Your quick, accurate introductory guide to blockchain.
There’s a lot of discussion about blockchain at the moment, on many different platforms and from all industries. It has been hailed as a ‘quantum leap forward’, while others take a more negative view on what its impact will be; however the consensus is that its impact will be huge.
Despite all the attention that blockchain has been getting, there remains a large amount of confusion over what this ‘blockchain’ really is, and how it actually works. In this article I’ll answer each of the following questions:
- What is ‘blockchain’?
- How does blockchain actually work?
- Is blockchain the same thing as Bitcoin? (Hint: no)
- What are the different types of blockchain? How do they differ?
- Why do we care so much about blockchain?
What is ‘blockchain’?
It’s simple really: a blockchain is just a place where records are stored. For example, each record could be a monetary transaction — ‘Alice sent 3 coins to Bob’. The records are stored in such a way that they are ‘immutable’ — no one can maliciously edit them without being detected.
In most computer systems nowadays, records are stored in databases. These databases have rules outlining what information can be stored in each record, and further rules that specify the personnel and programs that are authorised to view and update the data stored. Blockchain works in the exact same way: there are rules laid out as to what information can be stored in each record, and then further rules specifying how this data is to be updated.
The two main differences between a blockchain and the ‘normal’ methods of data storage are:
- How the records are structured in storage, and
- The way that updates and additions to the data occur
These differences combined are what makes the records immutable — they will be explained below.
How does blockchain actually work?
The records in a blockchain are grouped into ‘blocks’. Each of the blocks holds some number, n, of records in the database. Every time n new records have been created, they are grouped together into a single block to be added as the newest block in the chain.
The way that these blocks are then chained together is using a special method called hashing.
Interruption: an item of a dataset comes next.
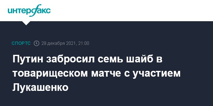 Лидеры государств играли за одну команду - белых - и одолели красных со счетом 18:7. Счет на 3-й минуте первого периода открыл российский президент, вторую шайбу в ворота соперника забросил Лукашенко. По итогу матча на счету Путина семь голов, у Лукашенко - два.

A function takes in a block, does some crazy merkle and hashing maths that you don’t need to understand just yet, and produces an output called a hash. It can be helpful to see this hash as a short summary of the block — changing the block even a tiny bit will change the hash that is produced. The hash of each block is then stored at the beginning of the next block in the chain. This effectively chains the blocks together, and means that no one can maliciously edit block x (as the hash of block x that’s stored at the beginning of block x+1 will no longer match up).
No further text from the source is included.